──────── Records shown

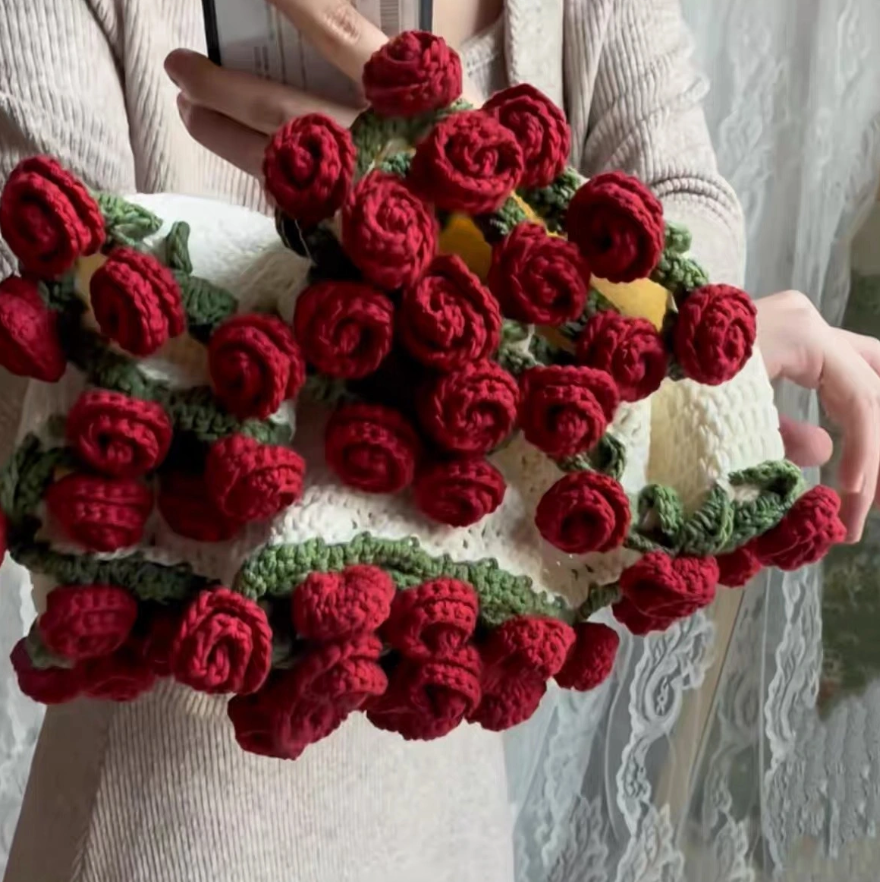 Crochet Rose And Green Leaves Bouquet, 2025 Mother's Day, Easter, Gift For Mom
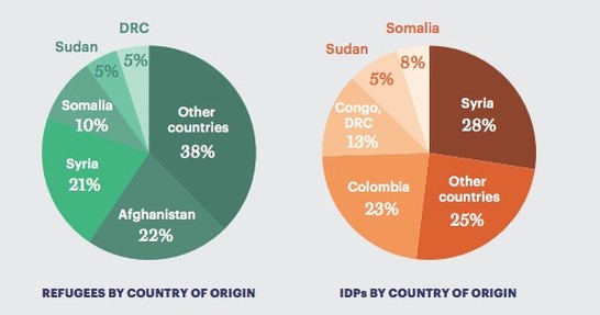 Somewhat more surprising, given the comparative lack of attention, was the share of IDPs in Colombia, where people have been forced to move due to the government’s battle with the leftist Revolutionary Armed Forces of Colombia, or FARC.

────────────────
──────── Records shown

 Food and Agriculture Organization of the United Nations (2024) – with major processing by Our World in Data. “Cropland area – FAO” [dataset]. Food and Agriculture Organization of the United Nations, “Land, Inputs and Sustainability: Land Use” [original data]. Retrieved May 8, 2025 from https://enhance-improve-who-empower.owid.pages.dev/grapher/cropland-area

────────────────

> _Activity_
In the listing above, find the line containing "Crochet Rose And" and the line containing "Somewhat more surprising, given"; print those lines and every line between them exactly, leaving out pictures.

> _Your response_
 Crochet Rose And Green Leaves Bouquet, 2025 Mother's Day, Easter, Gift For Mom
 Somewhat more surprising, given the comparative lack of attention, was the share of IDPs in Colombia, where people have been forced to move due to the government’s battle with the leftist Revolutionary Armed Forces of Colombia, or FARC.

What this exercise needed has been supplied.